Italy faces a physical LNG shortfall: an unnamed Gulf supplier cut 10 cargoes scheduled between April and mid-June 2026. Meloni travelled to Saudi Arabia, Qatar and the UAE on 3-4 April to secure alternative supply, becoming the first EU/NATO leader in the Gulf since the war began.Source: Lowdown / Italian government
Is Italy running out of gas because of the Iran blockade?
Italy received written notice that 10 LNG cargoes between April and mid-June 2026 would not be delivered; Italian airports began rationing jet fuel on 7 April. The government also cut fuel excise duty by 25 cents per litre for 20 days.Source: Lowdown / Italian government
Why is Italy making separate energy deals instead of waiting for the EU?
Italy's acute LNG shortage pushed Meloni to act unilaterally. EU member states are taking divergent approaches to the energy crisis, and no coordinated Brussels response to physical supply cuts has materialised.Source: Lowdown
Who is Giorgia Meloni and what party does she lead?
Giorgia Meloni has been Prime Minister of Italy since October 2022, the country's first female prime minister. She leads the Brothers of Italy party, the largest party in the centre-right Coalition government.

Background

Giorgia Meloni, Italian Prime Minister since October 2022, became the first leader of any European Union, NATO or G20 member state to visit the Gulf since the Iran war began on 28 February 2026. She travelled to Saudi Arabia, Qatar and the United Arab Emirates on 3 to 4 April, unannounced before departure, on what her office framed as energy diplomacy. The visit exposed the scale of Italy's supply exposure: an unnamed Gulf LNG supplier has notified Rome that 10 Liquefied Natural Gas cargoes scheduled between April and mid-June will not be delivered, the first publicly disclosed physical supply cut to a European buyer. Italian airports had already started rationing jet fuel on 7 April.
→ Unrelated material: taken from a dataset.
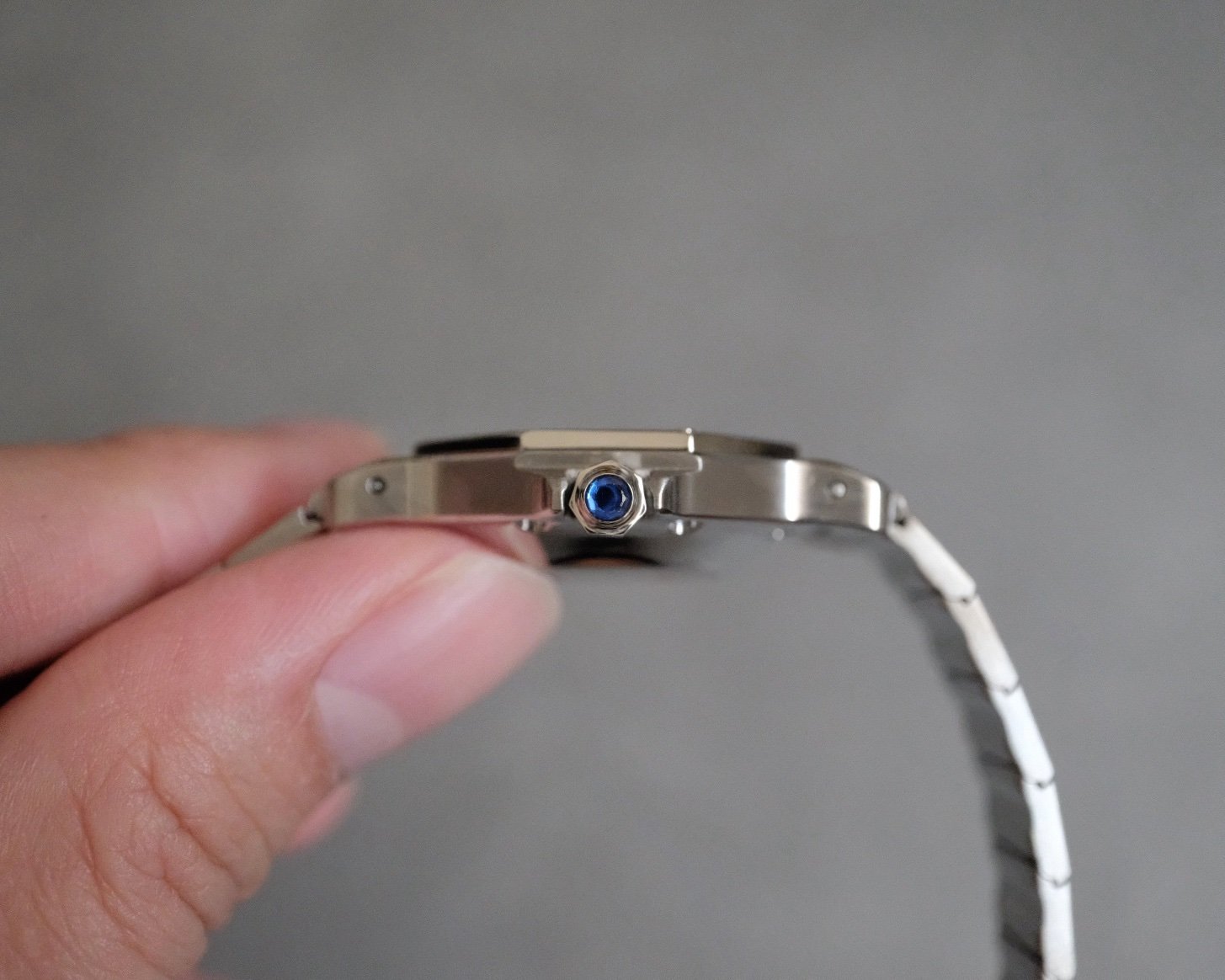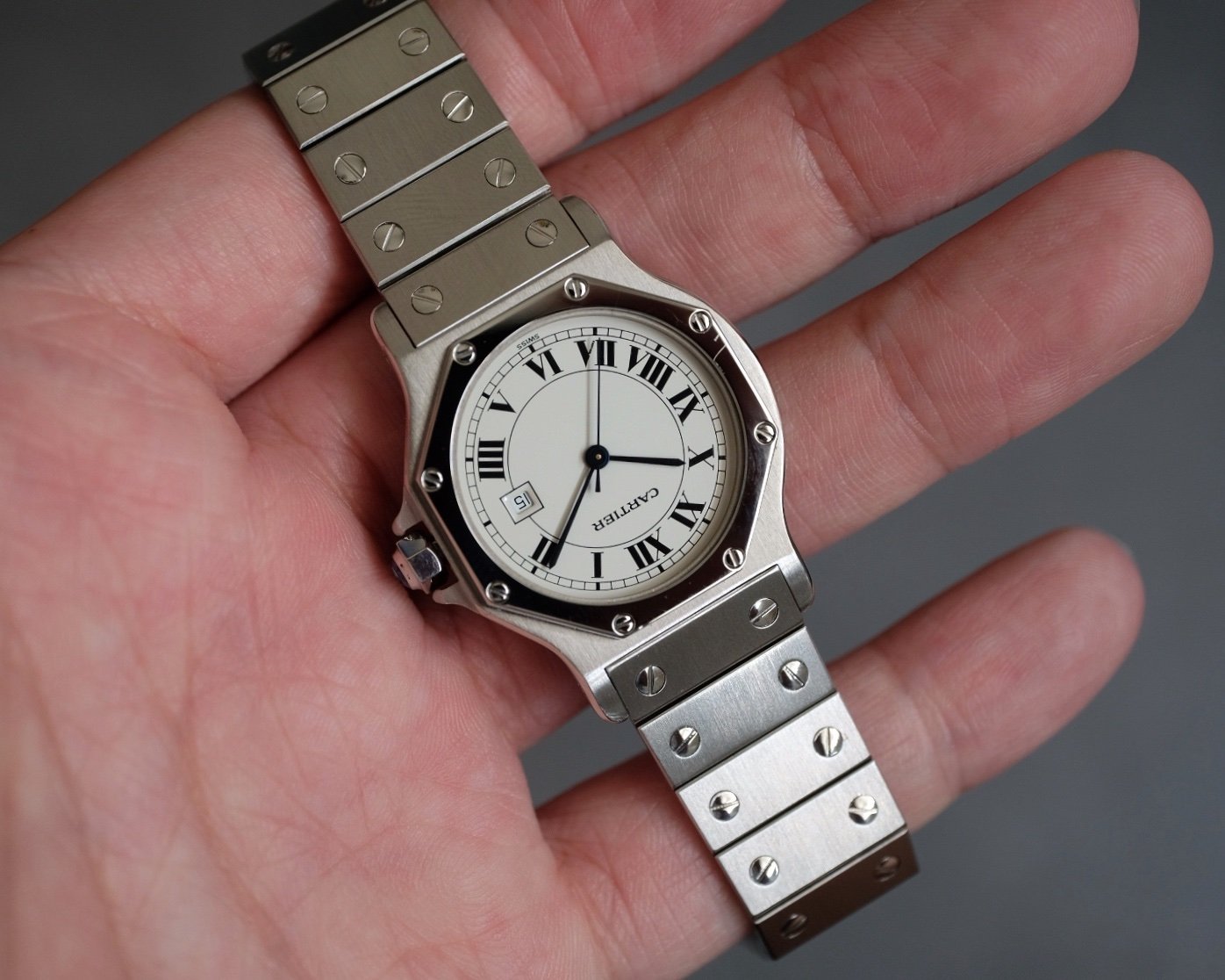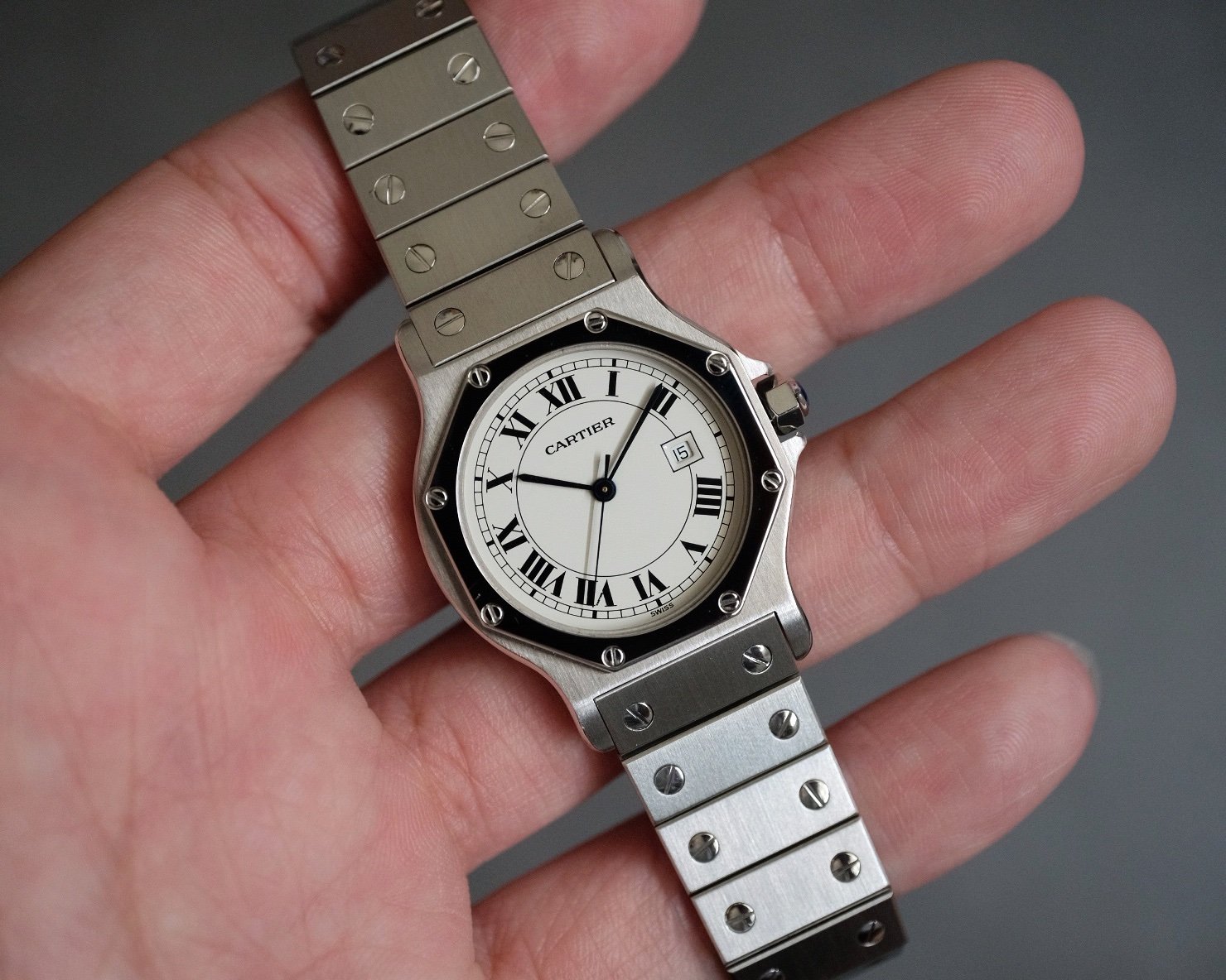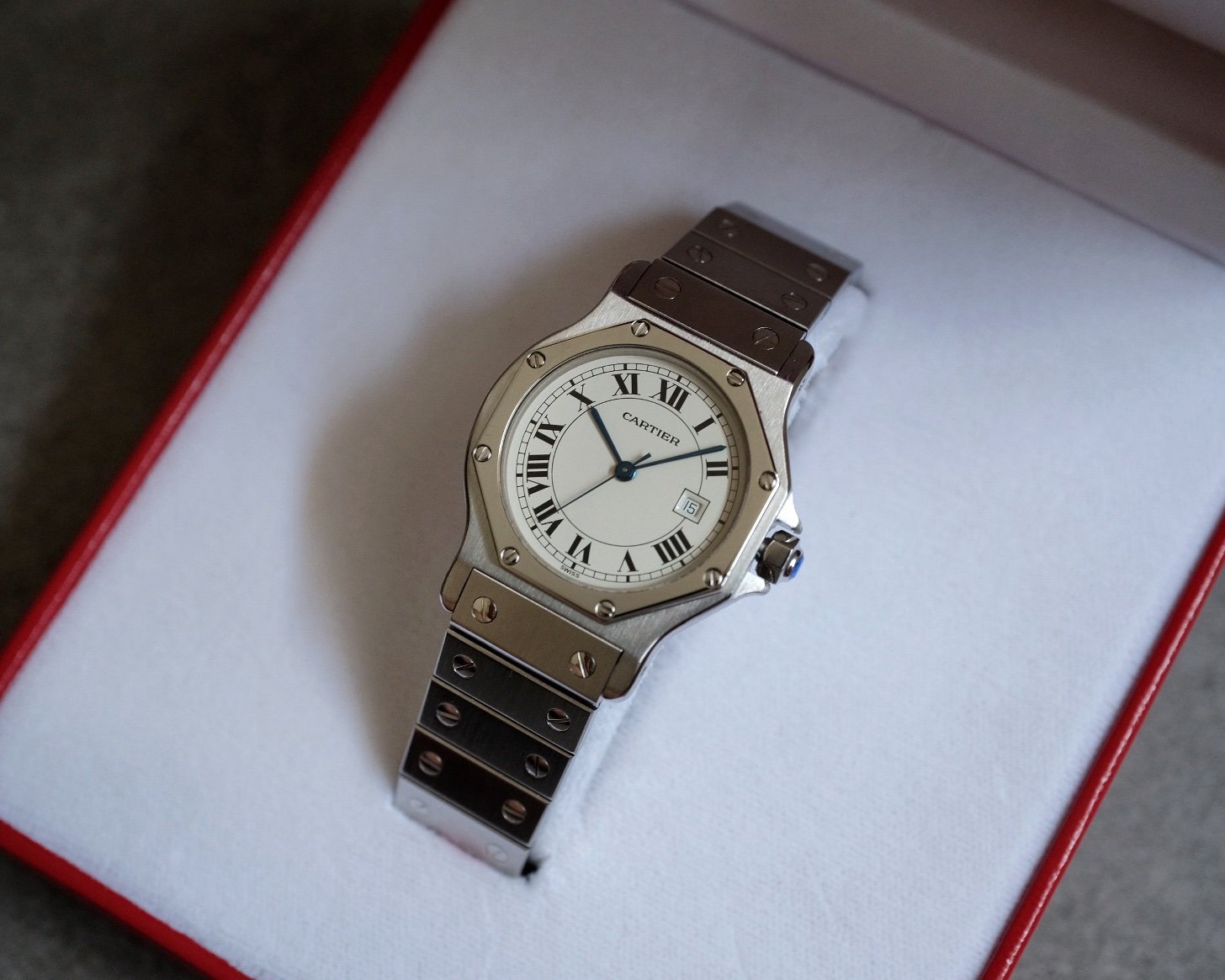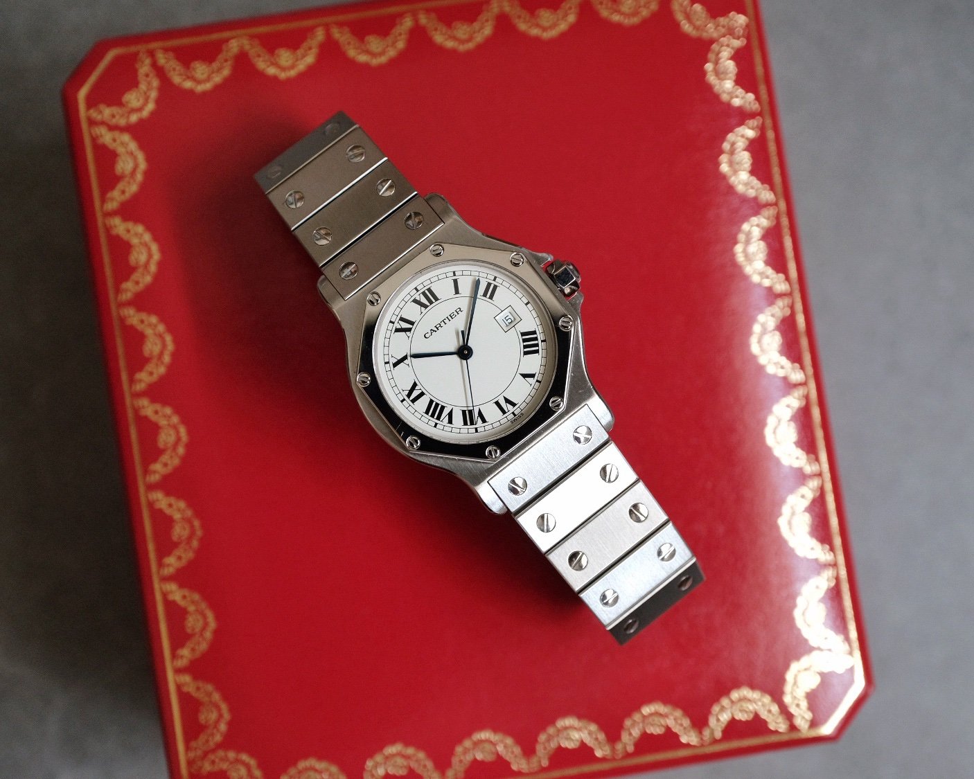 A distinctive chapter in the Santos lineage, the Santos Octagon brings a different perspective to Cartier’s iconic design language. Its softly faceted case and integrated bracelet create a unique silhouette that stands apart from the traditional square Santos. This example features a warm cream dial with Roman numerals and blued hands. A piece that captures the charm of Cartier’s neo-vintage era, where design experimentation meets timeless refinement.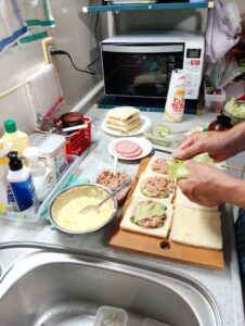レタス、ハム、チーズ、きゅうり、玉葱、シーチキンのサンドを作る。

Meloni leads the Brothers of Italy party, which holds the most seats in the ruling centre-right Coalition. She is Italy's first female prime minister. Domestically, her government cut excise duty on petrol and diesel by 25 cents per litre for 20 days. Alongside Germany, Spain, Portugal and Austria, Italy has jointly proposed an EU-level windfall tax on energy companies as European fiscal responses diverge sharply from one another.

The Gulf trip's wider significance is that it fractured the implicit EU consensus that economic engagement with Gulf suppliers should await a collective decision. The United Kingdom had positioned its 40-nation reopening Coalition as the primary European diplomatic track; Meloni's unilateral visit opened a competing bilateral channel. Follow-up visits to Azerbaijan are reported to be in preparation, signalling Italy is securing supply independently rather than waiting for Brussels.